As the induction through voice coil 284 fluctuates to create excursions of cone 286, the above noted nonlinear characteristics may create nonlinear vibrations that impact current draw (e.g., changing current 289 due to nonlinear increases and decreases in magnetic force factor and stiffness). Such changing current 289 may be reflected as changing electrical impedance due to changes in induction due to the DC offset that results in the nonlinear vibrations. To correct for such DC offset, transducer correction module 142 may analyze the current-voltage distribution in order to identify nonlinear current-voltage points to which PCA unit 144 is invoked to apply PCA to determine the above noted principal components. PCA unit 144 may then determine, based on the at least one of the principal components, actual slope 145. Transducer correction module 144 may compare actual slope 145 to target slope 147 to modify control voltage 288 in order to steer transducer 280 back to linear operation in order to avoid nonlinear vibrations that may inject noise and other acoustic artifacts into the soundfield.

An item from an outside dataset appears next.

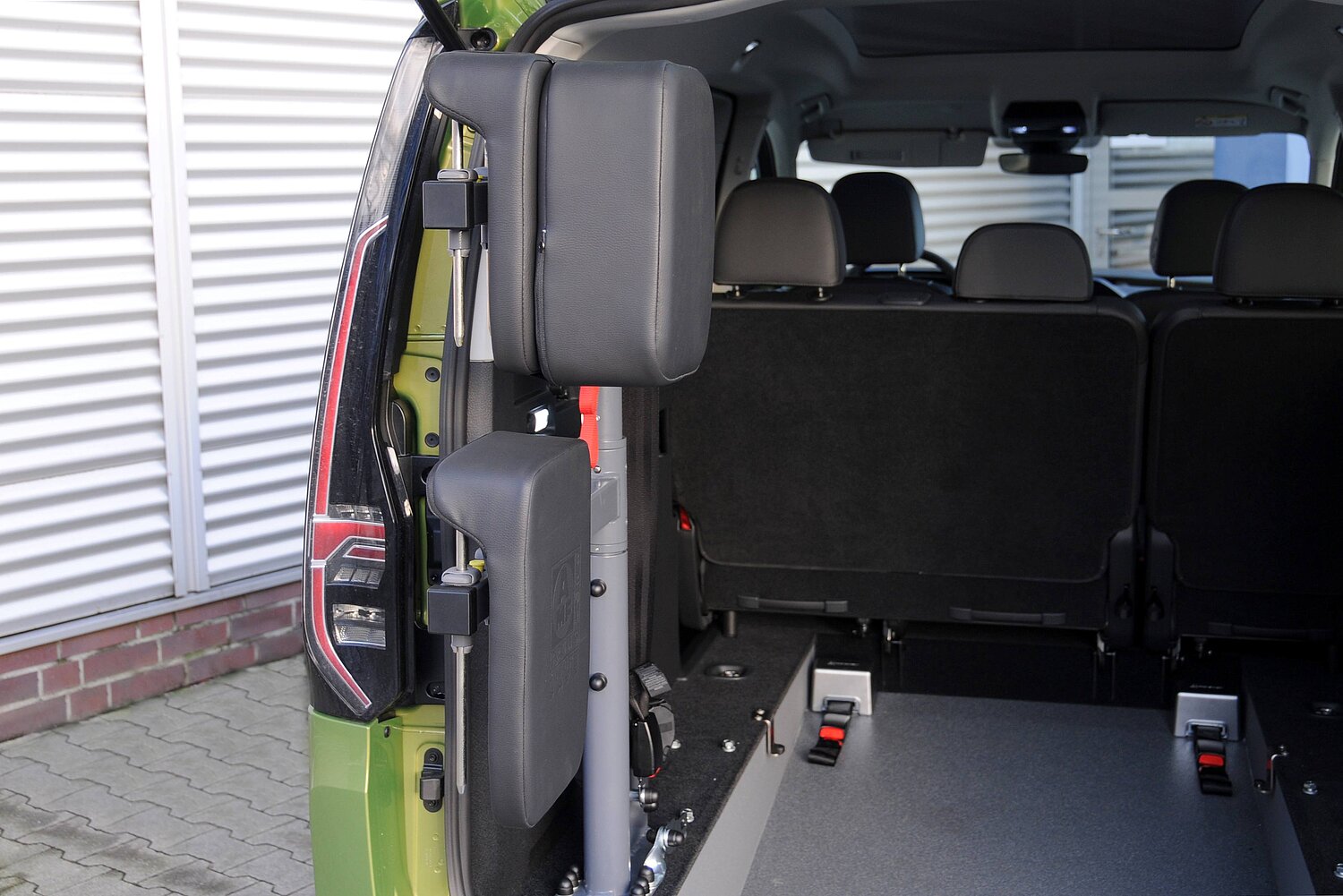 Grâce à son design peu encombrant, l'ensemble peut être facilement pivoté vers la paroi du véhicule lors des trajets sans passager en fauteuil roulant, laissant ainsi l'espace intérieur libre.

FIG. 3 is a diagram illustrating a graph of an example current-voltage distribution from which principal components are extracted to support various aspects of the transducer excursion correction techniques described in this disclosure. As shown in the example of FIG. 3 , a graph 300 shows the linear current-voltage distribution as a band of points (BoP) 302 with each point having an x-axis current measurement (in amps) and a y-axis voltage measurement (in volts).
Transducer correction module 142 may invoke PCA unit 144 to apply PCA to BoP 302 to determine principal components X₁and X₂(which may also be denoted respectively as principal components 304A and 304B). PCA unit 144 may compute a target slope 147 for linear voltage-current points of BoP 302 in accordance with the following equations:
$Var (θ) = \sum {[X_{1} \cos (θ) + X_{2} \sin (θ)]}^{2}, where$ $θ = 0.5 \tan^{- 1} (- 2 * \sum (X_{1} * X_{2}) / \sum (X_{2}^{2} - X_{1}^{2})) with respect to \frac{d Var (θ)}{d θ} = 0.$
In the above equation, “Var” denotes variance of theta (θ) which is shown as angle 306 in graph 300 and is determined according to the second equation listed above. Although described with respect to linear voltage-current points to identify target slope 147 (which again can be further adapted and refined by training of machine learning), PCA unit 144 may utilize the same process to identify actual slope 145 for nonlinear current-voltage points, which is shown in more detail with respect to the example of FIG. 4 .

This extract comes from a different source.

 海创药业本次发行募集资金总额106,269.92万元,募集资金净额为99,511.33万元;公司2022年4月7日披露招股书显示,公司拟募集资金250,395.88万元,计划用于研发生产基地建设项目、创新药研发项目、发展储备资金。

PCA unit 144 may, in other words, specify the orientations or components of maximum (X₁) and minimum (X₂) variation by consistently calculating the historically observed data of coil current (ic) and input voltage with angle θ in terms of minimum mean square error analysis (referring to the delta variance—dVar—of angle θ divided by delta angle θ being equal to zero). PCA unit 144 may calculate the electrical impedance, which is the same as the slope or tan(θ) of the Vc-ic curve. Because the electrical impedance is different in linear and nonlinear speaker vibration, transducer correction module 142 may mitigate the nonlinear excursion by consistently observing the variation of the angle θ and steering the variation of the angle θ to coincide with the linear angle θ₀(linear impedance) with input voltage.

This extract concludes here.